# Twice Smoked Taters



## irishteabear (Mar 23, 2009)

As with any recipe there are many variations. I got this one from Mikey. 
	

	
	
		
		



		
			






Using russett taters, I rubbed the skins with EVOO and then placed them in the smoker. They were smoked until they reached an IT of 195. I then sliced them in half lenghthwise, scooped out the inside carefully. The insides were mixed with sour cream, butter, cheddar cheese, sliced green onion and bacon. The filling was then mounded back in the taters, sprinkled with more cheddar cheese and bacon. Then back in the smoker for about 30-45 minutes to heat up.



They got a 3 out of 4 
	

	
	
		
		



		
		
	


	





. One of my sons doesn't like sour cream or green onion. 
	

	
	
		
		



		
		
	


	





  I will definitely be making these again.


----------



## ronp (Mar 23, 2009)

Great looking taters, yummo.


----------



## ol' smokey (Mar 23, 2009)

Dawn I wish I had taste-o-vision on here, super good lookin.

Points to ya


----------



## fired up (Mar 23, 2009)

Nice job Dawn!


----------



## erain (Mar 23, 2009)

very nice!!!  love them twice baked!!! Great job


----------



## grothe (Mar 23, 2009)

Those look great Dawn!!!


----------



## wutang (Mar 23, 2009)

Those looks great.

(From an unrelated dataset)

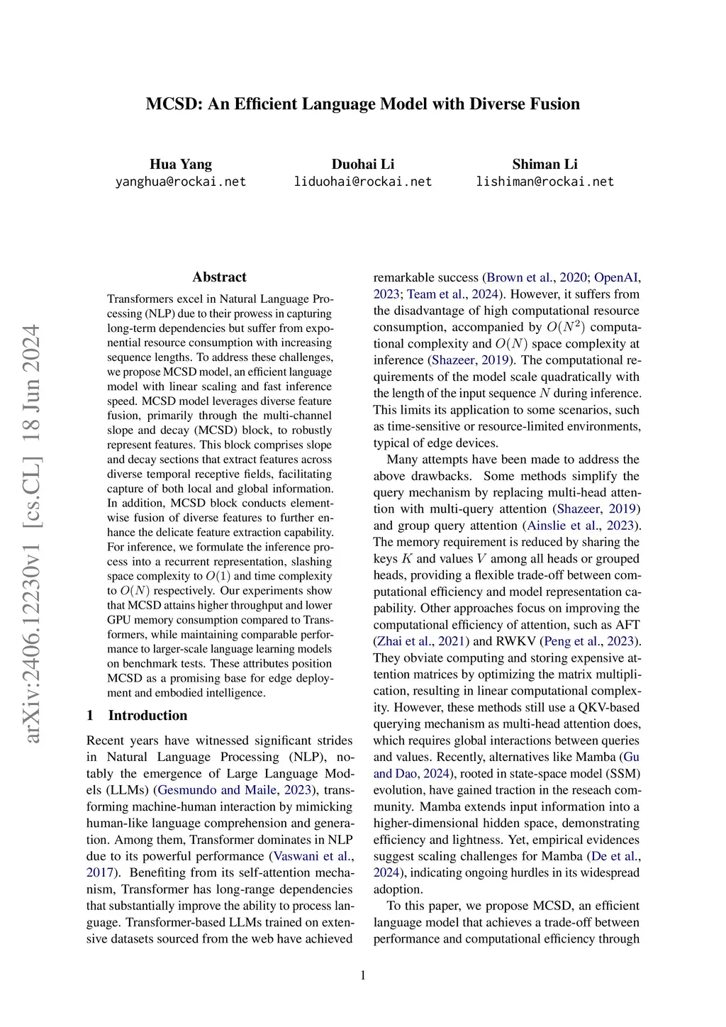 Transformers excel in Natural Language Processing (NLP) due to their prowess in capturing long-term dependencies but suffer from exponential resource consumption with increasing sequence lengths. To address these challenges, we propose MCSD model, an efficient language model with linear scaling and fast inference speed. MCSD model leverages diverse feature fusion, primarily through the multi-channel slope and decay (MCSD) block, to robustly represent features. This block comprises slope and decay sections that extract features across diverse temporal receptive fields, facilitating capture of both local and global information. In addition, MCSD block conducts element-wise fusion of diverse features to further enhance the delicate feature extraction capability. For inference, we formulate the inference process into a recurrent representation, slashing space complexity to O(1)O(1) and time complexity to O(N)O(N) respectively. Our experiments show that MCSD attains higher throughput and lower GPU memory consumption compared to Transformers, while maintaining comparable performance to larger-scale language learning models on benchmark tests. These attributes position MCSD as a promising base for edge deployment and embodied intelligence.

I can't believe I haven't made any yet. Good job.


----------



## mikey (Mar 23, 2009)

*Dawn, the taters look fantastic. I should say that I got the recipe (if my memory is correct) from T-Bone Tim. I had it bookmarked but it must have gone bye bye due to technical difficulties. Thanks for mentioning me, but I'd like to give credit where credit is due. *


----------



## jdt (Mar 24, 2009)

wow those look great, adding to my must do list


----------